The table bellow shows the suggested minimum daily requirements for vitamin and minerals constituents (56).


As with vitamins, there’s no evidence that the need for minerals is increased in exercise beyond the increase brought about by the increased daily food consumption needed for the metabolic demands. There’s one important exception to this; while a normal diet provides sufficient mineral constituents for most athletes, distance runners (most specifically, young female distance runners) may in fact require iron supplementation.
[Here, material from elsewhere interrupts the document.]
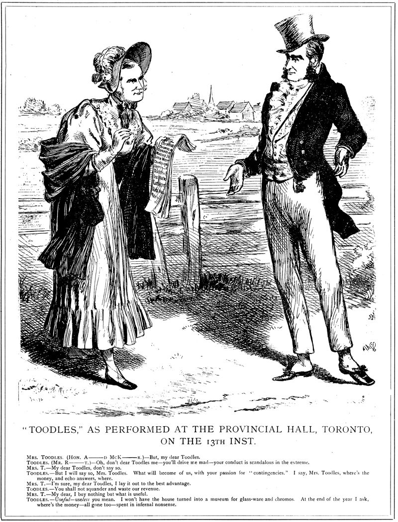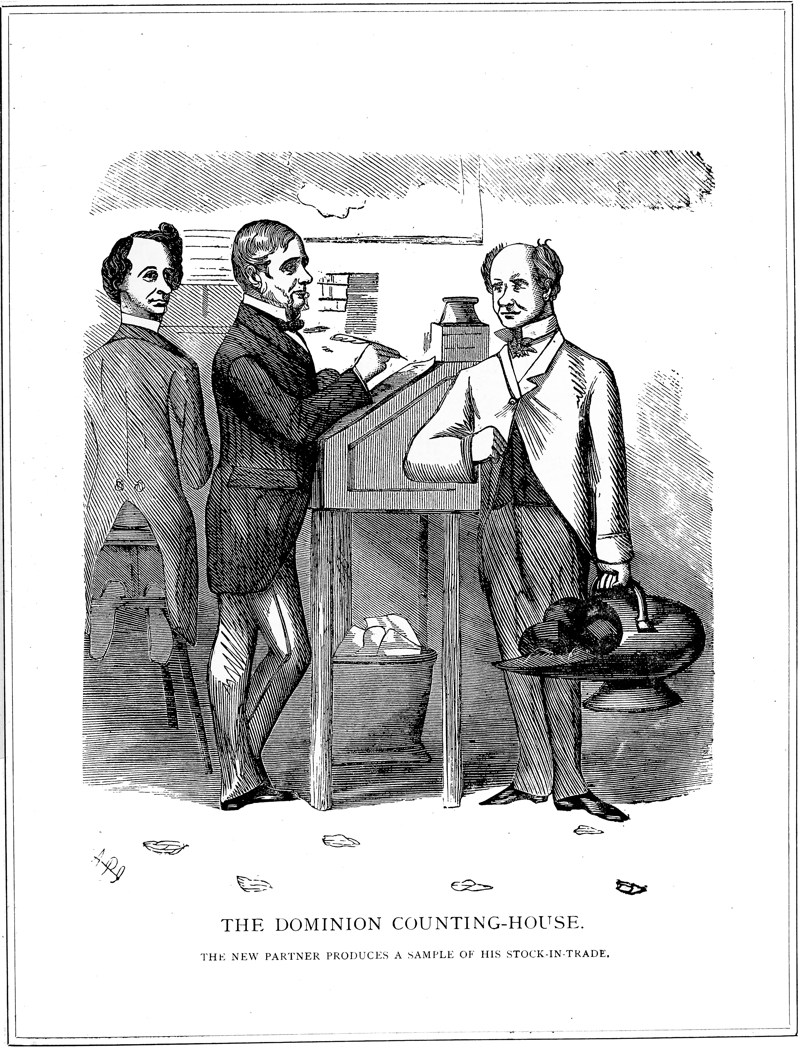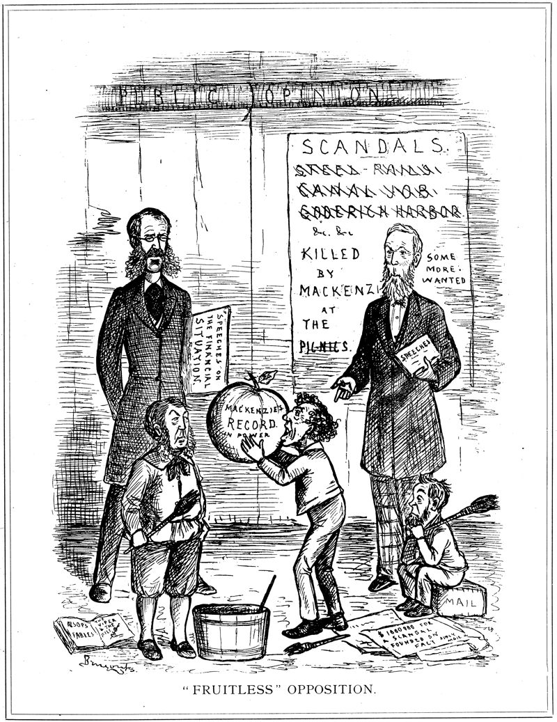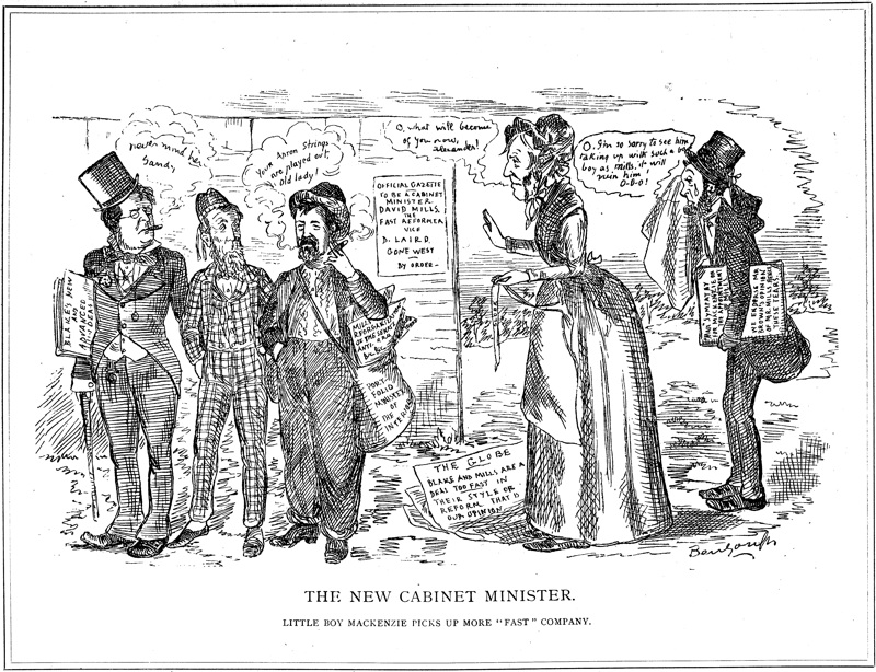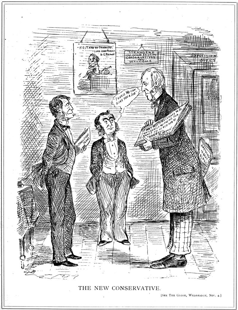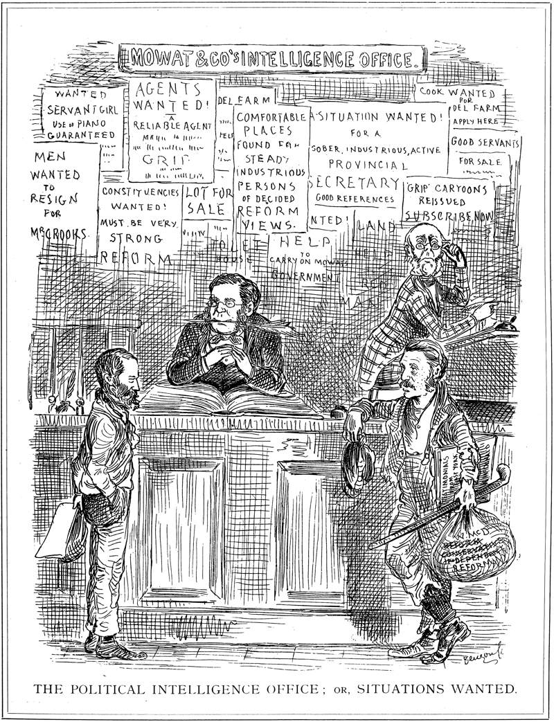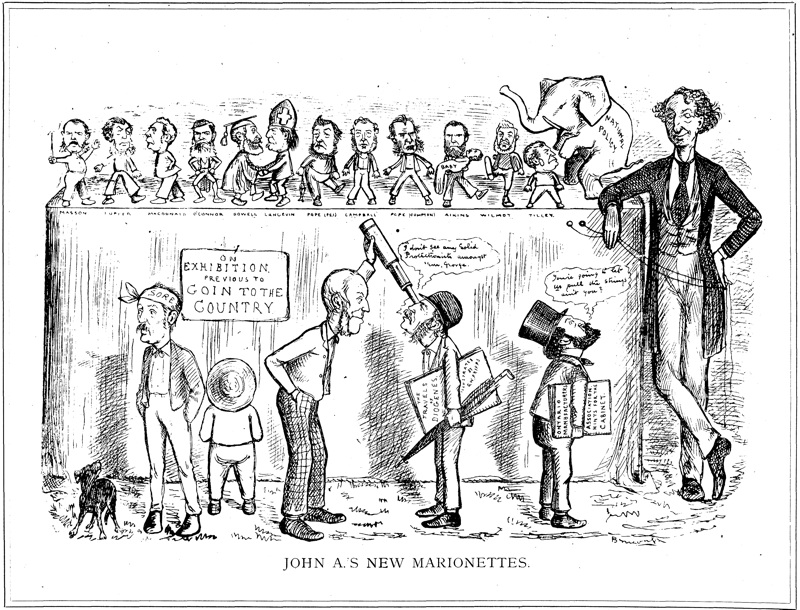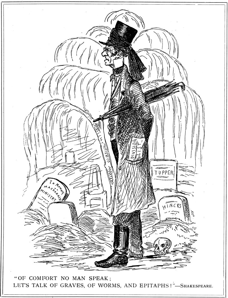 The names of the Members of the new Cabinet were duly announced as given in the cartoon. Mr. Phipps was disappointed in the matter of a portfolio, and still further in the absence from the list of Ministers of the name of any person known to be a sincere Protectionist. It was alleged that Hon. William Macdougall had also entertained hopes of a seat in the Cabinet. The Manufacturers’ Association began to exhibit great activity in view of the forthcoming Tariff changes.

A diet high in iron sources such as meat, poultry, and fish (heme-iron) and non-heme iron foods such as dried peas and beans nuts, whole grain breads and cereals, leafy vegetables, eggs, and dried fruits should prevent iron deficiency problems. On the other hand, iron supplements should not be given routinely to athletes without medical supervision because of the possibility of inducing deficiencies of other trace minerals such as such copper and zinc. Also, a high iron intake can produce an iron overload (hemochrombtosis) (58).

It’s recommended from the text that you follow the following diet:

  1. It’s recommended to distribute the daily consumption of food over 3 regularly spaced meals. If weight gain (or prevention of weight loss) is desirable, an evening snack can be added.
  2. It’s also recommended to eliminate from the diet as much as possible foods that furnish only calories without contributing their share of vitamins and minerals (candy, cake, carbonated beverages, etc.). Use fruit and fruit juices for desserts and snacks instead of cokes or crisps.
  3. Eliminate tea, coffee and alcohol – except at socials then drink your sorrows away! Not only do these drinks usurp the place of more nutritious food, they may cause undesirable pharmacological effects such as decreased muscular efficiency and beer bellies.
  4. ​Avoid fatty foods-they slow peristalsis and therefore gastric emptying.
  5. Eat at least 2 servings daily of fresh fruit (one to be citrus or tomatoes).
  6. Eat at least 4 servings daily of vegetables, including leafy green vegetables (salads) and roots and tubers (turnips, beets, potatoes).
  7. Eat at least 3 slices of whole grain bread daily.
  8. Eat enough butter of fortified margarine to supplement item 7.
  9. Drink at least 3 glasses of milk daily (although Jacob goes on record not agreeing with this, if you want to do this make it full fat milk as it is the most nutritious).